Still, there are many companies that have not integrated any log management frameworks into their operational processes yet, but try to resolve problems with a lot of experts, searching log files manually, to achieve a quick mean time to recovery (MTTR).

InfoQ: What are the advantages and disadvantages of these approaches?

Schmidt: Companies which already established key infrastructure components of log management are able to build upon it by adding analytical tools. The advantages are surely to automate the alerting process by identifying root cause components of an application and delivering the most suspicious log messages to the expert 24 hours, 7 days a week. Such assistance enables the expert to concentrate on the fixing of the problem rather than losing valuable time in the identification process.

I believe in the movement to log management frameworks, as they provide standardized APIs to interact with the log data and enable the integration of further plugins, which are capable of applying even more highly complex analysis through machine learning.

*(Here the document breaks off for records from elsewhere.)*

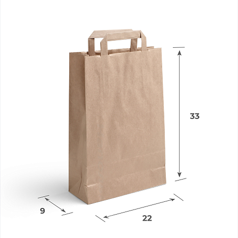Пакет бумажный 220х90х330 мм, с плоскими ручками, крафт
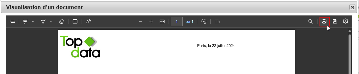 - Cliquez sur l'icône « Imprimante » pour éditer le courrier.
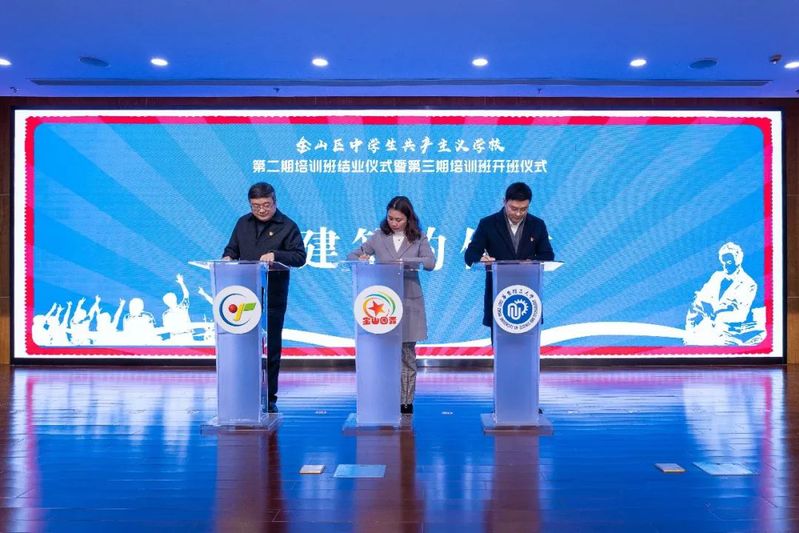 1月11日下午,1946伟德国际源自英国与上海市金山区中员工共产主义公司在金山区教育公司举行共建签约仪式暨第三期共产主义培训班开办仪式。团市委副书记戴冰,金山区委常委、区委组织部部长白锦波,公司党委书记陈俊傲,区委组织部副部长、区委老干部局局长顾美萍,区教育工作党委书记顾宏伟,团区委书记张敏,副书记舒加敏及相关领导、老师,公司“平语近人”宣讲团成员,共产主义公司学员等出席活动。
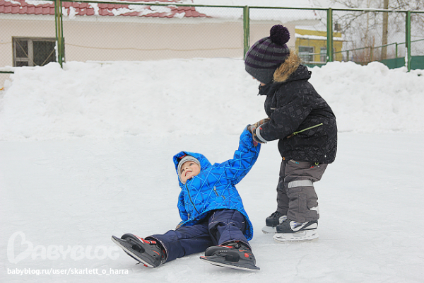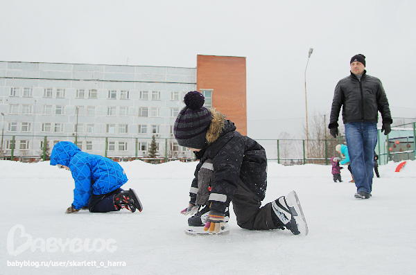 мы встали на коньки в этом году. дедушка с бабушкой порадовали этим подарком на НГ. Арсюша с огромным удовольствием. уходить не хочет. со второго раза САМ САМ. и пошел. умничка.

This can additionally assist DevOps to quickly determine the correct root cause and accelerate MTTR.

InfoQ: What role can machine learning models play in troubleshooting?

Schmidt: In my PhD research on Anomaly Detection in Cloud Computing Environments, I showed that the steps for troubleshooting generalized ML models can be trained and applied in production environments.

We conducted a case study in which we were able to show that ML-driven anomaly detection is able to reduce the search time by 98% compared to manual search. The key idea of anomaly detection is capturing the "normal&quo; behavior as a high-dimensional distribution of the monitored service within daily operation. The distribution can be learned automatically (with AutoAD4j, a framework for unsupervised anomaly detection) when operating a service, while alerting abnormal/untypical situations (data that does not fit the learned "normal" operation).

The distribution for time series data like monitoring metrics (CPU, memory, network, etc.) can be captured by reconstruction models like autoencoders and forecasting models like ARIMA, while log data is typically described by Autoencoder models through word appearances within the log message over time. When alerting abnormal behavior through the deviation to the "normal" distribution, a reconstruction error is computed indicating the severity of the anomaly. Most severe anomalies are then reported to the DevOps by indicating the concrete service and the log messages.

InfoQ: What have you learned?

Schmidt: Key learnings when trying to deliver machine learning to IT-operations are:

  1. Building up a team of both DevOps and Data Scientists to efficiently learn from each other.
  2. Data is a key resource. Like most ML domains, labelled data is the most important value to create applicable models. Ask your DevOps to label the concrete log messages, which helps mostly to identify the underlying problem or solve the issue. Further building of testing environments with chaos engineering techniques can additionally help to capture problematic behavior more efficiently.
  3. In practice it is important to focus on the simplicity of ML models and the management of those. Models which require high training times or need to be retrained with DevOps feedback often are hard to maintain. Models which generalize and use AutoML or unsupervised techniques provide easier maintenance when it comes to operation within the infrastructure.

InfoQ: What do you expect the future will bring for AI applied to troubleshooting?

Schmidt: Current research and early applications like logsight.ai show the possibility of detecting flow anomalies and cognitive anomalies within logs with very precise results. For logs, the future goes into the direction of structured logging to standardize how logs are written, while additionally companies leverage more complex deep learning models to automatically detect anomalies.

In the long term, I expect that at some point there will be a fully automated self-healing pipeline, which will not only be able to detect anomalies, but also to recover and mitigate any anomalies. This would be an end-to-end solution, which I see as an immune system built for computers.